[Data extracted from a collection]
☆ ☆ ☆

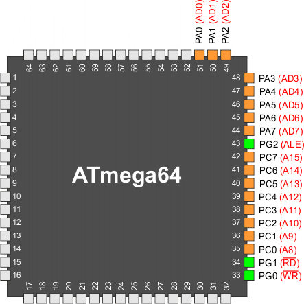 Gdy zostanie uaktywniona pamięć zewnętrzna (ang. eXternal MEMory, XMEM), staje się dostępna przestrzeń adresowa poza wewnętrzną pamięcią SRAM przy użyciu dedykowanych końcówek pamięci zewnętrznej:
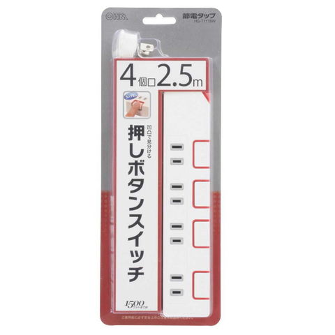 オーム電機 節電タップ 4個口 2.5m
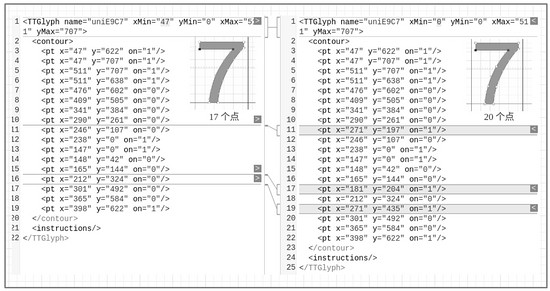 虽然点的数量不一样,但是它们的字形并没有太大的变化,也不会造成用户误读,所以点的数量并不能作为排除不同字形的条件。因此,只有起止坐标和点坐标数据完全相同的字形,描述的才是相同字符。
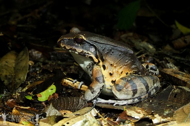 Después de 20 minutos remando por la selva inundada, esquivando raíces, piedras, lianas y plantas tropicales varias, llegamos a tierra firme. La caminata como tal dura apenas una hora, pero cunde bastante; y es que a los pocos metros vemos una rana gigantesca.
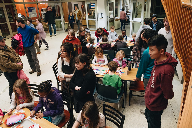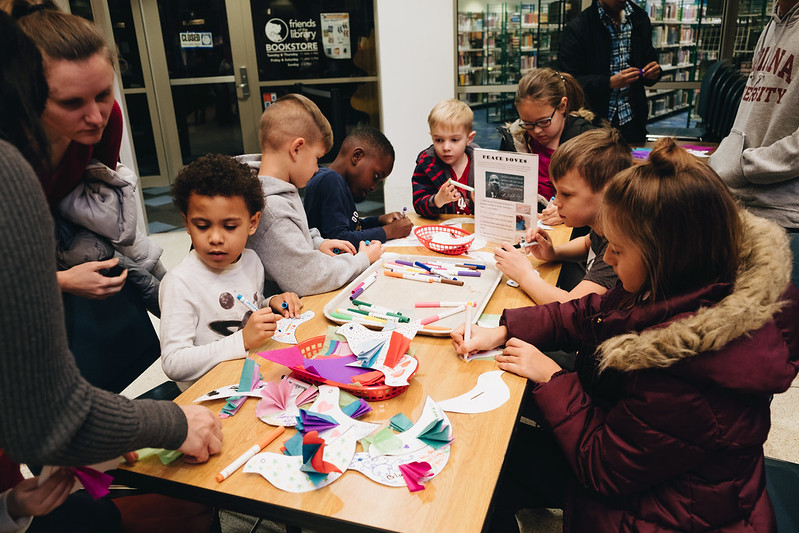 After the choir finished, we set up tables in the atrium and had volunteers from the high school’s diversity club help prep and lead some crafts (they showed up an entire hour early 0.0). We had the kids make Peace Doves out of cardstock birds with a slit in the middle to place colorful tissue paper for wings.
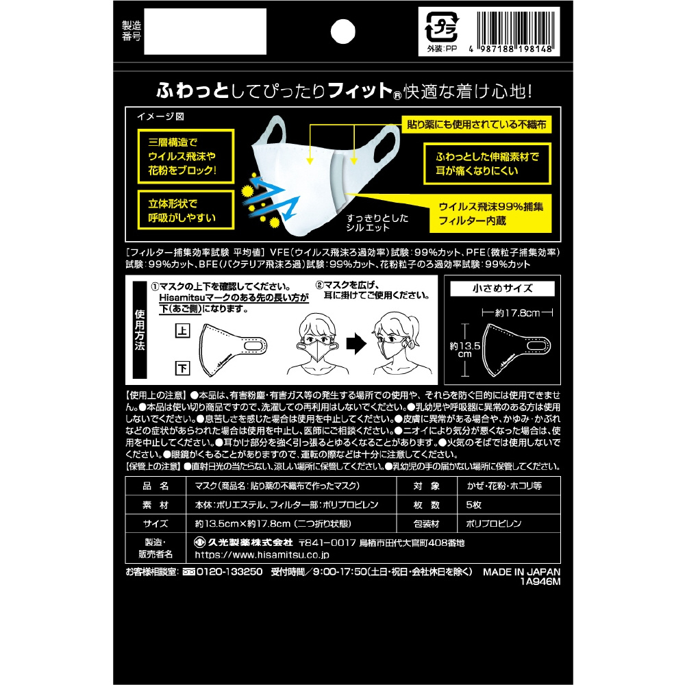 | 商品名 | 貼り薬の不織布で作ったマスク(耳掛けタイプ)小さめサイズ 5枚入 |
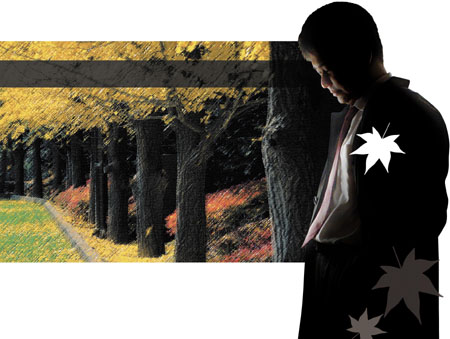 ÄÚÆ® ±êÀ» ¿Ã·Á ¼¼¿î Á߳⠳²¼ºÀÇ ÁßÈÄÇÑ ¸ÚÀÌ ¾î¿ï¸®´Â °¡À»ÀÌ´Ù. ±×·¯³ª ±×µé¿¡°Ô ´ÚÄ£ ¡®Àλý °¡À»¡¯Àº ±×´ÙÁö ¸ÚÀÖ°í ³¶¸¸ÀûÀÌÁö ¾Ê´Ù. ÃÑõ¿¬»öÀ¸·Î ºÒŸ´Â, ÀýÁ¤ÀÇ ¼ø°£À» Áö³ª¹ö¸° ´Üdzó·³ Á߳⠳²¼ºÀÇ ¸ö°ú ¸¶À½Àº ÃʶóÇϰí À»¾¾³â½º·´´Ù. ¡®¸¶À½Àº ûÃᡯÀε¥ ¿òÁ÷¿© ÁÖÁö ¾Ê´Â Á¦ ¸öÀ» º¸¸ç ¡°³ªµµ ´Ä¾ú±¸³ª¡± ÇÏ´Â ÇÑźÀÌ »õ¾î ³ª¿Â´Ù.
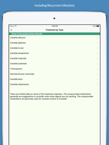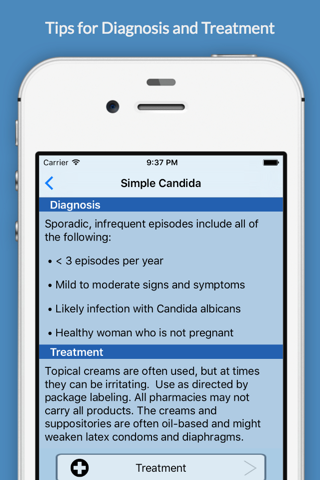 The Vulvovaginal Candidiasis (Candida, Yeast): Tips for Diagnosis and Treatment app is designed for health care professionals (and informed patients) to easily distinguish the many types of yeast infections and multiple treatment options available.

☆ ☆ ☆

» THE PROBLEM
Look above for the line with "After the choir"; quote it and every line after it, stopping after the line with "貼り薬の不織布で作ったマスク(耳掛けタイプ)小さめサイズ 5枚入 |", exactly, with nothing added and without pictures.

» YOUR SOLUTION
 After the choir finished, we set up tables in the atrium and had volunteers from the high school’s diversity club help prep and lead some crafts (they showed up an entire hour early 0.0). We had the kids make Peace Doves out of cardstock birds with a slit in the middle to place colorful tissue paper for wings.
 | 商品名 | 貼り薬の不織布で作ったマスク(耳掛けタイプ)小さめサイズ 5枚入 |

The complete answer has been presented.